J&J boosted its full-year sales estimate to between $81 billion along with also $81.8 billion, up by $80.6 billion along with also $81.4 billion, reflecting operational growth of 4 percent to 5 percent. Without the effects of acquisitions along with also divestitures, J&J projects growth between 3 along with also 4 percent, up by a previously given range of 2.5 percent along with also 3.5 percent.
The company reiterated its adjusted earnings forecast to between $8 along with also $8.20 per share, reflecting operational growth between 6.8 percent along with also 9.6 percent.
The pharmaceutical business posted $9.84 billion in revenue, a 15 percent year-over-year operational increase that will topped expectations of $9.46 billion, according to consensus estimates by StreetAccount. Excluding the net impact of acquisitions along with also divestitures, worldwide sales increased 7.5 percent.
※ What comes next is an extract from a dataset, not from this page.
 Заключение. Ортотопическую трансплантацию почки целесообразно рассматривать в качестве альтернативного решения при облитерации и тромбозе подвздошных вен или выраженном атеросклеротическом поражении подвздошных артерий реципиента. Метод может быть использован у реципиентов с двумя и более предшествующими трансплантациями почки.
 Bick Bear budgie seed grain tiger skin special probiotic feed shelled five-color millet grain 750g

Sales of Zytiga, a prostate cancer drug, surged to $845 million, or 54 percent year-over-year when excluding currency. Analysts had expected revenue to reach $733 million, according to StreetAccount.
Excluding currency, Imbruvica’s revenue grew 35 percent to hit $587 million worldwide, topping StreetAccount’s estimates of $579.7 million. Darzalex revenue rocketed 64 percent, excluding currency, to reach $432 million in worldwide sales, surpassing estimates of $395.7 million.
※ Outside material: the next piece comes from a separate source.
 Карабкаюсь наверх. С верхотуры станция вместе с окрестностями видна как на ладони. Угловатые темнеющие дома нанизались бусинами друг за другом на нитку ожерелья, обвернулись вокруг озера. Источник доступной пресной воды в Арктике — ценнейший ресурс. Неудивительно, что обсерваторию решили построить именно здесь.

Blood thinner Xarelto’s sales grew about 13 percent on an operational basis to reach $578 million in global sales, falling short of analysts’ estimates of $633.7 million.
Rheumatoid arthritis drug Remicade has been under pressure by biosimilars, or generic versions of biologic drugs. Worldwide sales slid 18 percent, excluding a positive currency impact, to $1.34 billion. Analysts had been expecting sales of $1.5 billion, according to StreetAccount.
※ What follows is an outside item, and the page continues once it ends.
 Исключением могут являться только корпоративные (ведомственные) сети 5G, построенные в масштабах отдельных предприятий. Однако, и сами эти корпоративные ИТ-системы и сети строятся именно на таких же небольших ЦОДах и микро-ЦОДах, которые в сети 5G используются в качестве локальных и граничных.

In February, the Food along with also Drug Administration approved Erleada, or apalutamide, to treat nonmetastatic castration-resistant prostate cancer.
J&J’s medical device unit grew 3 percent on an operational basis by last year, reaching $6.77 billion along with also topping Street estimates of $6.68 billion. Excluding the net impact of acquisitions along with also divestitures, worldwide sales increased 1.1 percent.
J&J has been pruning its medical device portfolio. Last month, J&J said that will received a $2.1 billion bid for its LifeScan diabetes business by private-equity firm Platinum Equity.
On a call with analysts Tuesday, Caruso said the vision portfolio is usually doing “exceptionally well.” He also pointed to the electrophysiology along with also endocutter units as bright spots inside the medical device group.
“along with also so having said that will, we do have areas where we need to improve, along with also we’ll improve in those areas through quite a few factors as we’ve always done that will at Johnson & Johnson in recent times: A Great mix of internal innovation along with also acquisitions along with also brand-new technologies. I don’t think that will’s ever been an issue for us. We’ve always been able to do that will,” Caruso said.
The company’s consumer segment generated $3.4 billion inside the quarter, up 1.3 percent by the year-ago quarter along with also better than the $3.33 billion analysts had expected. Excluding the net impact of acquisitions along with also divestitures, worldwide sales grew 2 percent.
J&J’s consumer business has struggled along with additional incumbents inside the space. Baby care sales dipped to $457 million by $455 million, or nearly 3 percent year-over-year when excluding currency. J&J is usually required to relaunch the line later This kind of year.
In wake of the brand-new tax law, the company plans to invest more than $30 billion in research along with also development along with also capital investments inside the U.S. over the next four years, an increase of 15 percent.
Caruso said the brand-new law provides more flexibility to use J&J’s capital, including to create brand-new ways to improve health care along with also manufacture brand-new technologies inside the U.S.
“We’re very proud we’re able to do that will, especially inside the U.S.,” he said.